An uncharacteristically soft but, more seriously, a potentially dangerous approach. It reflects the maddening Cypriot practice of settling for cozy mediocrity (at best) always quick to dismiss the findings of expert bodies. A persistent reliance on the illusion that things are not that bad which prevents the country from becoming better.

But the Mail’s approach is dangerous for another reason. It is just not true. The situation in Cyprus is problematic.

While rankings, and our fixation with them are distracting and RSF’s work is not scientifically foolproof, it remains a valuable tool and indicator. More so as its overall assessment is corroborated by the more scrupulous monitoring from the EUI’s Centre for Media Pluralism and Media Freedom2. Both organisations monitor variables that are crucial for the proper functioning of media and democracy encouraging vigilance by watchdogs while putting pressure on stakeholders and practitioners.

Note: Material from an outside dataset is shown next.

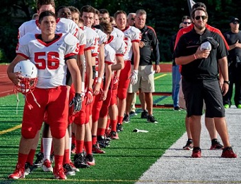 PHOTOS: (Top) Clockwise from left: Salem coach Justin Reed, Canton coach Andy Lafata and Plymouth coach Brian Lewis. (Middle) Lafata stands for the national anthem with his players. (Below) Salem players celebrate last week during a win over Wayne Memorial. (Photos submitted by respective athletic departments.)

In Cyprus’ case the RSF report described the influence of the government, the Church and business interests over the media as significant elements that “undermine media pluralism and push journalists towards self-censorship”. It raised concerns about “direct interference in editorial decisions through informal relationships between politicians and media owners, the growing media concentration and the lack of transparency in media ownership.”

This is in fact the type of criticism that the Mail’s own flagship Coffeeshop column had frequently identified. And it is the reason why the Mail – at least until some years ago before it was purchased by a local legal firm – was considered the island’s only independent newspaper. Established in 1945 and ran by generations of newspapermen it was healthily detached from the establishment (and very often ignored by it) allowing its reporting to be bold and free of local bias and hyperbole. Governments of the day underestimated its significance but the paper was read by the diplomatic community, the Cypriot intelligentsia, the substantial non-Greek-speaking population and the diaspora.

Today, while it might be true that the Mail remains free of the influence of the government and the Church, one may question whether it is free of the influence of business interests, especially those of its new owners3 and possibly their clients.

More recently the paper introduced a new slogan: “News that Matters” begging the question: To whom? And to what end? The answer lies in the new suffocating culture of business worshiping that has embraced the country’s media over the last decade which has blown the vital door between their editorial and commercial departments wide open. In the age of fewer journalistic staff, more sponsored content and press releases posing as reporting, the barrier between editorial positions and commercial interests has been obliterated – against the public interest.

In a democracy, we the citizens offer and defend the media’s right to be free of state control but also of private control. And while we defend their right to be free, we do not offer them the right to be free from being accountable to us. Running a newsroom is a profound public duty and involves a covenant of trust. Those to whom we offer the freedom and privilege to exercise that duty are expected to be guardians of that trust – not promoters of the interests of their owners or funders.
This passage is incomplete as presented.